Igualmente legal é a previsão contratual de garantia hipotecária do imóvel em favor das empresas rés, pois os imóveis construídos são entregues como garantia ao credor caso o consumidor-adquirente descumpra a obrigação, possibilitando a revenda do bem, como maneira de garantir-se que outros consumidores aderentes ao empreendimento não saiam prejudicados na hipótese de várias desistências, capazes de ocasionar a impossibilidade de continuação das obras.
Ao consumidor é dada a garantia de receber o que pagou com as demais cominações legais decorrentes do descumprimento contratual, mas ao fornecedor, dada a responsabilidade que possui perante os demais adquirentes é lícito salvaguardar o imóvel construído ou em fase de construção como garantia de cumprimento da obrigação, dada a função social do contrato que tem a cumprir.
É que a função social do contrato emerge, como já dito, de princípios constitucionais, entre os quais o da dignidade da pessoa humana (artigo 1º, III da Constituição Federal*), o mútuo habitacional cumpre com a referida função social, quando concretiza direitos fundamentais que perfazem a dignidade do indivíduo, entre os quais pode-se suscitar o direito à habitação, que, no caso, deve ser garantido a toda a coletividade aderente, sendo imperiosa a manutenção da cláusula analisada em detrimento do bem social.
Além do mais, a garantia hipotecária não causa nenhum prejuízo ao consumidor-adquirente, tendo em vista que pelas suas próprias características o devedor continua na posse do imóvel hipotecado, de modo que se houver a alienação do bem gravado, o ônus é transferido para o terceiro; em contrapartida, não havendo alienação, o consumidor não lhe sofre os efeitos.
Ante o exposto e por motivos semelhantes, razão não há para exclusão do parágrafo segundo da comentada cláusula vigésima, que dispõe sobre o não alcance da impenhorabilidade do imóvel como bem de família, pois referido dispositivo pode ser interpretado até mesmo como de caráter informativo ao consumidor que não detenha conhecimentos técnicos que lhe permita discernir os efeitos da garantia hipotecária que paira sobre o imóvel, em que pese saber ele (consumidor) que não é proprietário do imóvel se não houver pago o preço integral.
Citado dispositivo não prejudica o consumidor, pelo contrário soma informações, portanto, deve ser mantido.

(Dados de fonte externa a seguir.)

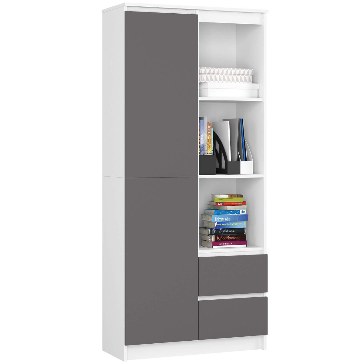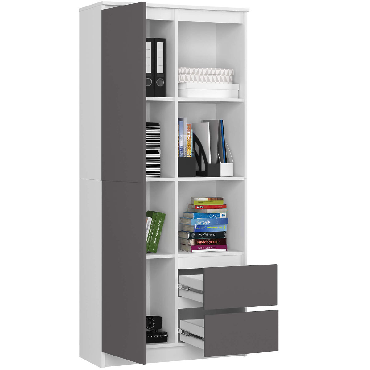 Kancelársky regál s dvierkami a zásuvkami v kombinácii bielej a grafitovo šedej farby.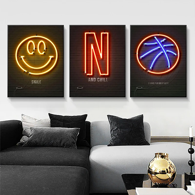 Неоновый светлый постер для геймеров и принты в стиле ретро, звуковая кассета, гитара, настенное художественное изображение, холст для баскетбола, картина для декора комнаты мальчика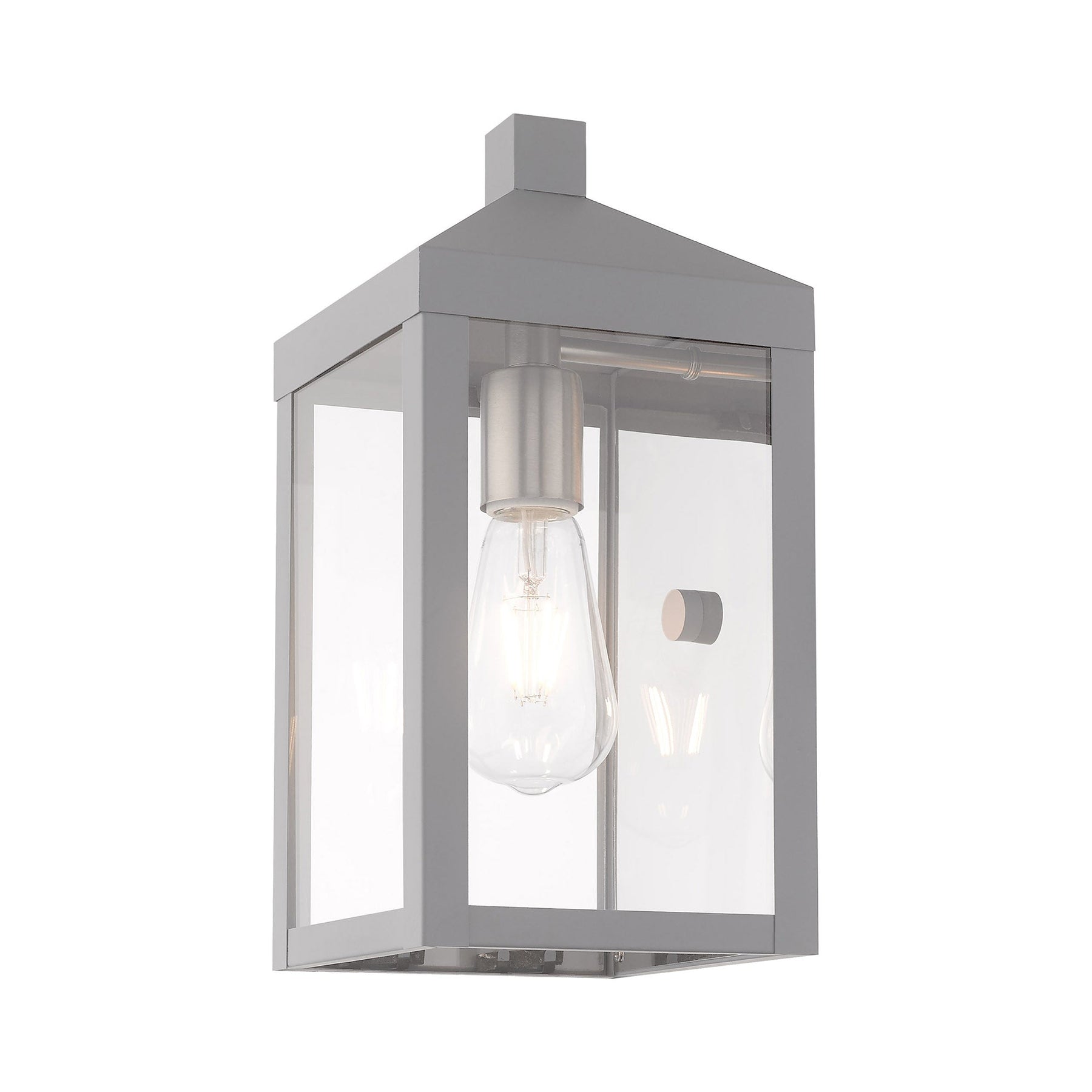 The Nyack Outdoor Wall Lantern, item number 20582-80, boasts a dramatically simple shape with bold lines, making it a perfect addition for those who appreciate a transitional style. Finished in a Nordic gray with clear glass panels, this fixture is hand-crafted from solid brass and enhances any outdoor space. Measuring 6.25 inches in width and 12.75 inches in height, it features a 6.25-inch extension and requires one medium base bulb with a maximum wattage of 100W (not included). Designed for both damp and wet locations, it is ideal for outdoor environments.

cláusula vigésima primeira
O COMPRADOR não poderá intervir, direta ou indiretamente no andamento normal da obra, quer mantendo entendimento com seu encarregado, ou operários, que permanecem no local, sem autorização da VENDEDORA,igualmente, não poderá introduzir à obra, operários ou material, antes da efetiva entrega das chaves.CLÁUSULA VIGÉSIMA PRIMEIRA:
Ante referida estipulação contratual não se pode pretender haja ausência de dispositivo que ressalve ao comprador o direito de fiscalização do andamento das obras, pois há a possibilidade, desde que autorizado pela vendedora, e a justificativa para a condição autorizatória é a segurança dos próprios adquirentes, pois todos os riscos do empreendimento são assumidos pelo fornecedor na construção, sendo justo que lhe seja permitida a verificação das melhores e mais seguras condições para visitação do empreendimento.
Como é sabido numa construção diversos são os riscos à integridade física das pessoas, tanto que há normas de segurança a serem seguidas pelos operários das obras, de modo que a condição, no modo como está lançada é plenamente válida e assegura a saúde física do próprio consumidor adquirente.
Por obvio não pode é ser o adquirente tolhido de seu direito de acompanhar o andamento das obras com o objetivo de fiscalizar o regular cumprimento dos prazos que lhe foram estipulados pelo fornecedor; a autorização obrigatoriamente deve ser concedida, mas nos dias e horários estipulados pelo incorporador, devidamente comunicado ao consumidor.